EXERCISE AIM:
Only the lines below from the one containing "- Robustní rovná" through the one containing "大使館の展示ブースで実技していた花の細工もの。" belong in the answer, set down exactly, with the pictures left out.

INFORMATION SUPPLIED:
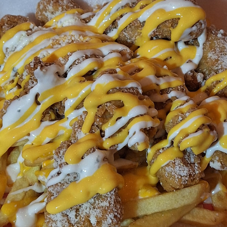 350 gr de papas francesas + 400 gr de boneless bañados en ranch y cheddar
...
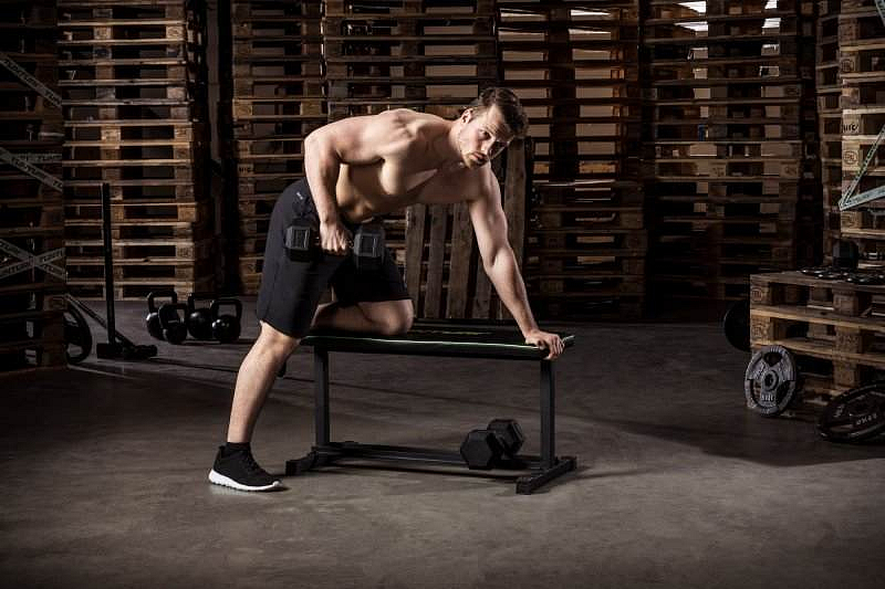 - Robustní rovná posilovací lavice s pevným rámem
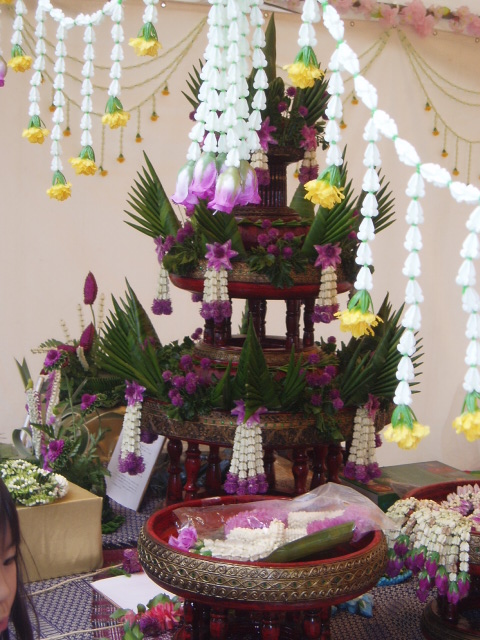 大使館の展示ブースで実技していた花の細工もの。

OUTPUT OF THE EXERCISE:
 - Robustní rovná posilovací lavice s pevným rámem
 大使館の展示ブースで実技していた花の細工もの。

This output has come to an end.